[Records from a collection]
------------------------------------------------------------
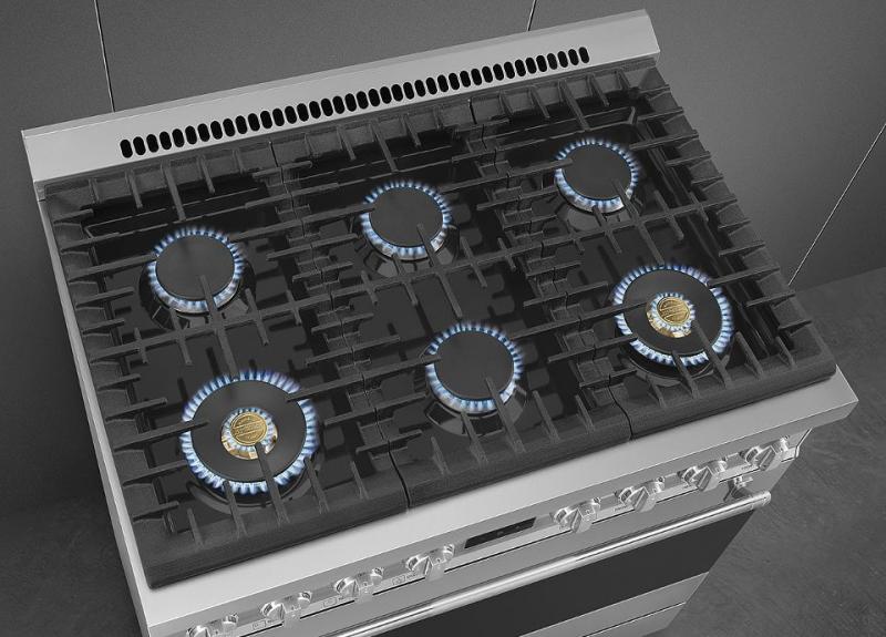The cooktop has a renewed look thanks to a black, enameled surface equipped with four standard burners and two additional powerful brass burners with an engraved SMEG logo.
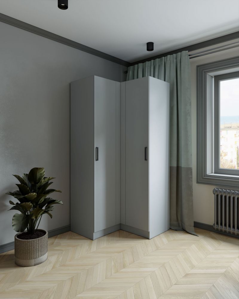 Артикул: A65638Шкаф угловой Ларс (угол прямой), Серый камень/Графит (Микон)
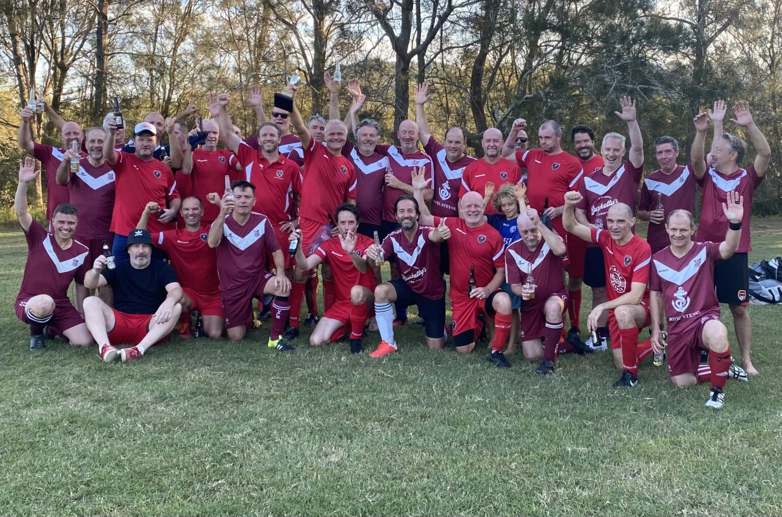 Ben and his fellow team mates were jumping all over the oceans' edge when it became apparent he'd won - just before they chaired him back up the beach.
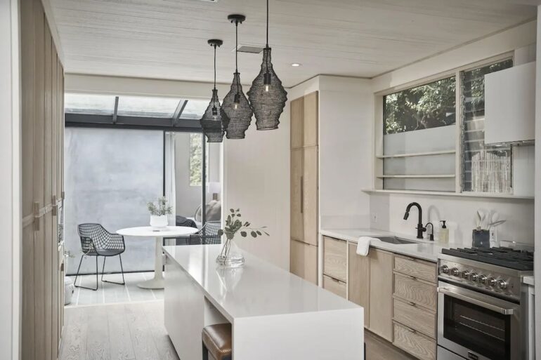 The seller of 2166 East Valley Road ($3.295 million) paid $2.1 million in early 2022 and leaned into midcentury style while redoing the interiors. The house is situated toward the rear of the .18-acre lot, which means the hangout space is in front (although some aggressive hedge pruning could open up opportunities in back).
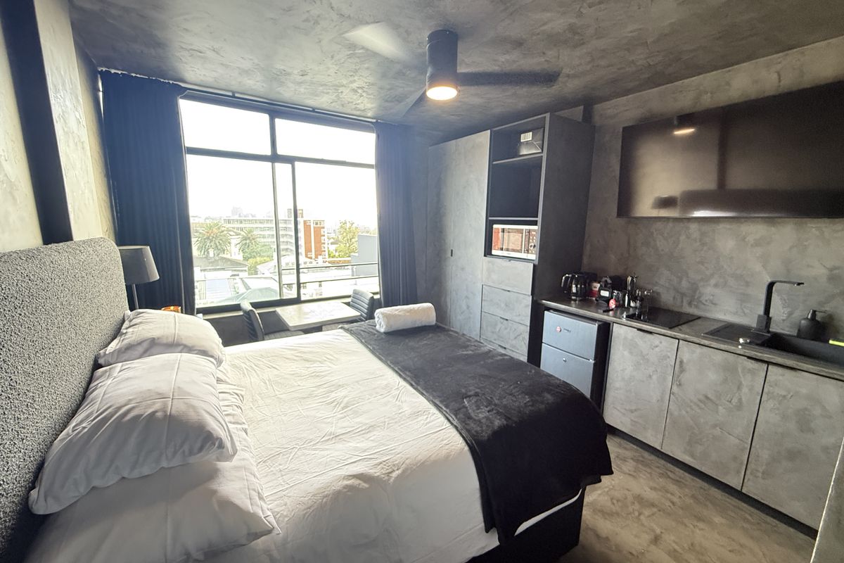 Vibrant Kloof studio steps from acclaimed restaurants and town amenities, offering lively street views and convenience. One bathroom; visitor parking arrangements available, double deposit required.
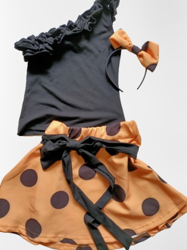 Spódniczka na gumce, miodowa w duże czarne grochy, przepasana ozdobną kokardą.
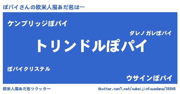 | 男性向けラノベタイトル風あだ名 | 『ぽパイ~年齢イコール彼女いない歴の魔法使い~』 |
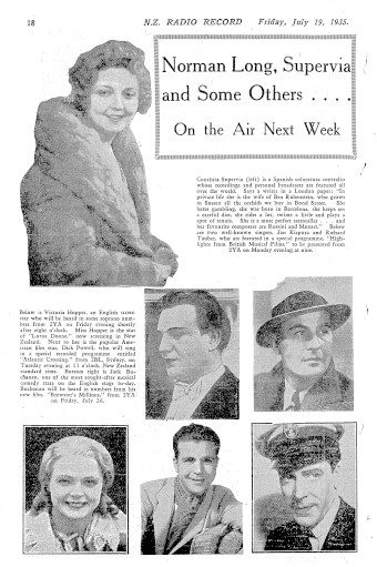 - ILLUSTRATIONBelow is Victoria Hopper, an English screen star who will be heard in some soprano numbers from 2YA on Friday evening...
------------------------------------------------------------
An exact copy of the lines from the one with "Артикул: A65638Шкаф угловой" through the end of the records: produce that and nothing more, leaving out the pictures.

 Артикул: A65638Шкаф угловой Ларс (угол прямой), Серый камень/Графит (Микон)
 Ben and his fellow team mates were jumping all over the oceans' edge when it became apparent he'd won - just before they chaired him back up the beach.
 The seller of 2166 East Valley Road ($3.295 million) paid $2.1 million in early 2022 and leaned into midcentury style while redoing the interiors. The house is situated toward the rear of the .18-acre lot, which means the hangout space is in front (although some aggressive hedge pruning could open up opportunities in back).
 Vibrant Kloof studio steps from acclaimed restaurants and town amenities, offering lively street views and convenience. One bathroom; visitor parking arrangements available, double deposit required.
 Spódniczka na gumce, miodowa w duże czarne grochy, przepasana ozdobną kokardą.
 | 男性向けラノベタイトル風あだ名 | 『ぽパイ~年齢イコール彼女いない歴の魔法使い~』 |
 - ILLUSTRATIONBelow is Victoria Hopper, an English screen star who will be heard in some soprano numbers from 2YA on Friday evening...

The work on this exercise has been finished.